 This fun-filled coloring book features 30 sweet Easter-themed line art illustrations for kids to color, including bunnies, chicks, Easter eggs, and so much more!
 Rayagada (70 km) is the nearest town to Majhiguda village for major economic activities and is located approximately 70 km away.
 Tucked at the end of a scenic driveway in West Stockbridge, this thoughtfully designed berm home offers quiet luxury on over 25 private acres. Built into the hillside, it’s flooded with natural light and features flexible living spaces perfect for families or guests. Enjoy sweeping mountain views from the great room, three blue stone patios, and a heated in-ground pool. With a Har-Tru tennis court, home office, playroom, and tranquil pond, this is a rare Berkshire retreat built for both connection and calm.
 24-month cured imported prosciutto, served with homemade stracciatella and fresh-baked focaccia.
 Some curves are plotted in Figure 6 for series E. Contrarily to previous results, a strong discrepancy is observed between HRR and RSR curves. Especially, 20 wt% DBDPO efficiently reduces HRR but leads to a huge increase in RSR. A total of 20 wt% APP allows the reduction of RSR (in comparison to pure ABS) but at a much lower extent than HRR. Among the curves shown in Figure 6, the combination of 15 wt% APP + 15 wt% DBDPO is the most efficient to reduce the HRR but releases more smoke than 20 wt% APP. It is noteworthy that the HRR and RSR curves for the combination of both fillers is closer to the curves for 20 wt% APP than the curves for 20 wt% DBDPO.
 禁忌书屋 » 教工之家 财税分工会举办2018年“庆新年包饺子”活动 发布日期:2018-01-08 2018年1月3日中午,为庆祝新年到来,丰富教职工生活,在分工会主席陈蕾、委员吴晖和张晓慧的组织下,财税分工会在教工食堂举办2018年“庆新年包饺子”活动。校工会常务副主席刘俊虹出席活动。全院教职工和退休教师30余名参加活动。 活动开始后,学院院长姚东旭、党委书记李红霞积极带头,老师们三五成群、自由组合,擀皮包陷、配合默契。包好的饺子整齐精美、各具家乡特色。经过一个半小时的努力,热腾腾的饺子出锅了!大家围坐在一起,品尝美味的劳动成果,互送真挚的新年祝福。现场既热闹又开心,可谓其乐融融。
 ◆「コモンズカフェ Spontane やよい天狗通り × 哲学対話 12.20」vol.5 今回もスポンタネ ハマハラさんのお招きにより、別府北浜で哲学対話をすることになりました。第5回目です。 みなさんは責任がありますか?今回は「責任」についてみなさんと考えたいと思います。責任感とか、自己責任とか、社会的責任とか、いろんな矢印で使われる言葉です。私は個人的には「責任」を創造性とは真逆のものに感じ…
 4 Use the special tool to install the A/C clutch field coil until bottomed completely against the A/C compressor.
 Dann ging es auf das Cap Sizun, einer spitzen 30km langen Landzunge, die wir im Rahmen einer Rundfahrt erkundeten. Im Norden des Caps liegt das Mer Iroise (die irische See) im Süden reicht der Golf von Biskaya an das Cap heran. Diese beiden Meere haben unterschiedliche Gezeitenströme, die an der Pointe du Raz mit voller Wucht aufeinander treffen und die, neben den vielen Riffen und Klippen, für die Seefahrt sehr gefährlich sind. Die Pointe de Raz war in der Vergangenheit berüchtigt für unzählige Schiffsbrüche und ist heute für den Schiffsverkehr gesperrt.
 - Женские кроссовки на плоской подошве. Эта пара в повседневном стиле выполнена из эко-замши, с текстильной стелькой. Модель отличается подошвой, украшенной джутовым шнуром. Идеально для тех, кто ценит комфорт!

*Exercise instructions*: Output the full listing above without altering a single word.

*Reply*:
 This fun-filled coloring book features 30 sweet Easter-themed line art illustrations for kids to color, including bunnies, chicks, Easter eggs, and so much more!
 Rayagada (70 km) is the nearest town to Majhiguda village for major economic activities and is located approximately 70 km away.
 Tucked at the end of a scenic driveway in West Stockbridge, this thoughtfully designed berm home offers quiet luxury on over 25 private acres. Built into the hillside, it’s flooded with natural light and features flexible living spaces perfect for families or guests. Enjoy sweeping mountain views from the great room, three blue stone patios, and a heated in-ground pool. With a Har-Tru tennis court, home office, playroom, and tranquil pond, this is a rare Berkshire retreat built for both connection and calm.
 24-month cured imported prosciutto, served with homemade stracciatella and fresh-baked focaccia.
 Some curves are plotted in Figure 6 for series E. Contrarily to previous results, a strong discrepancy is observed between HRR and RSR curves. Especially, 20 wt% DBDPO efficiently reduces HRR but leads to a huge increase in RSR. A total of 20 wt% APP allows the reduction of RSR (in comparison to pure ABS) but at a much lower extent than HRR. Among the curves shown in Figure 6, the combination of 15 wt% APP + 15 wt% DBDPO is the most efficient to reduce the HRR but releases more smoke than 20 wt% APP. It is noteworthy that the HRR and RSR curves for the combination of both fillers is closer to the curves for 20 wt% APP than the curves for 20 wt% DBDPO.
 禁忌书屋 » 教工之家 财税分工会举办2018年“庆新年包饺子”活动 发布日期:2018-01-08 2018年1月3日中午,为庆祝新年到来,丰富教职工生活,在分工会主席陈蕾、委员吴晖和张晓慧的组织下,财税分工会在教工食堂举办2018年“庆新年包饺子”活动。校工会常务副主席刘俊虹出席活动。全院教职工和退休教师30余名参加活动。 活动开始后,学院院长姚东旭、党委书记李红霞积极带头,老师们三五成群、自由组合,擀皮包陷、配合默契。包好的饺子整齐精美、各具家乡特色。经过一个半小时的努力,热腾腾的饺子出锅了!大家围坐在一起,品尝美味的劳动成果,互送真挚的新年祝福。现场既热闹又开心,可谓其乐融融。
 ◆「コモンズカフェ Spontane やよい天狗通り × 哲学対話 12.20」vol.5 今回もスポンタネ ハマハラさんのお招きにより、別府北浜で哲学対話をすることになりました。第5回目です。 みなさんは責任がありますか?今回は「責任」についてみなさんと考えたいと思います。責任感とか、自己責任とか、社会的責任とか、いろんな矢印で使われる言葉です。私は個人的には「責任」を創造性とは真逆のものに感じ…
 4 Use the special tool to install the A/C clutch field coil until bottomed completely against the A/C compressor.
 Dann ging es auf das Cap Sizun, einer spitzen 30km langen Landzunge, die wir im Rahmen einer Rundfahrt erkundeten. Im Norden des Caps liegt das Mer Iroise (die irische See) im Süden reicht der Golf von Biskaya an das Cap heran. Diese beiden Meere haben unterschiedliche Gezeitenströme, die an der Pointe du Raz mit voller Wucht aufeinander treffen und die, neben den vielen Riffen und Klippen, für die Seefahrt sehr gefährlich sind. Die Pointe de Raz war in der Vergangenheit berüchtigt für unzählige Schiffsbrüche und ist heute für den Schiffsverkehr gesperrt.
 - Женские кроссовки на плоской подошве. Эта пара в повседневном стиле выполнена из эко-замши, с текстильной стелькой. Модель отличается подошвой, украшенной джутовым шнуром. Идеально для тех, кто ценит комфорт!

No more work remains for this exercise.